For HLA-DQB1, both tumour and stromal protein level were considered (n = 389, Fig. 4a). Of note, some tumours had scattered HLA-DQB1 staining patterns, with positive staining in Langerhans cells (Fig. 4a). HLA-DQB1low tumours were significantly associated with high FIGO stage (p < 0.001), tumour diameter >4 cm (p = 0.04), high histological grade (p = 0.03) and no or intermediate inflammatory reaction (p = 0.03) (Table 2). Further, HLA-DQB1low tumours were associated with poor DSS (Fig. 4b, p = 0.001, HR = 2.25); also when including FIGO stage and vascular space invasion in multivariate analyses (adjusted HR = 2.50; 95% CI: 1.29–4.87, p = 0.007, Supplementary Table 7). HLA-DQB1 expression was associated with a high ESTIMATE stromal cell infiltration score (p = 0.02) (Fig. 2c), and, interestingly, low stromal HLA-DQB1 levels associated strongly with poor survival (p = 0.003, HR 2.28, 95% CI 1.29–4.01, data not shown). HLA-DQB1 protein levels were significantly correlated with HLA-DBQ1 mRNA levels (p = 0.02, Fig. 4d).
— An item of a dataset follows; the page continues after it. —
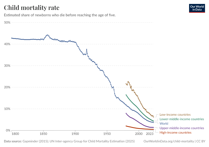 Gapminder (2015); UN Inter-agency Group for Child Mortality Estimation (2025) – processed by Our World in Data. “Child mortality rate – Gapminder; UN IGME – Long-run data” [dataset]. United Nations Inter-agency Group for Child Mortality Estimation, “United Nations Inter-agency Group for Child Mortality Estimation”; Gapminder, “Child mortality rate under age five v7”; Gapminder based on UN IGME & UN WPP, “Under-five Mortality v11”; Various sources, “Population” [original data]. Retrieved November 8, 2025 from https://archive.ourworldindata.org/20251023-195030/grapher/child-mortality.html (archived on October 23, 2025).

Fig. 4. HLA-DQB1 protein levels relative to survival, stromal signature score and mRNA expression.

Fig. 4

a Cancer tissue sections stained with HLA-DQB1 antibody with staining index (SI) score 0–2 (low) and 3–9 (high). b Disease-specific survival for cervical cancer patients relative to HLA-DQB1 protein expression levels represented by Kaplan–Meier curves with probability values for Mantel–Cox log-rank test that compares categories. The number of patients and events are given within parentheses (patients/events). c Stromal signature score relative to HLA-DQB1 protein expression level in 67 tumours with overlapping transcriptional and immunohistochemical (tumour and stroma) data. d mRNA levels of HLA-DQB1 gene (log 2 transformed) relative to HLA-DQB1 protein levels.

Table 2.

HLA-DQB1 protein levels in tumour and stroma related to clinicopathological characteristics for 389 cervical carcinoma cases with evaluable results.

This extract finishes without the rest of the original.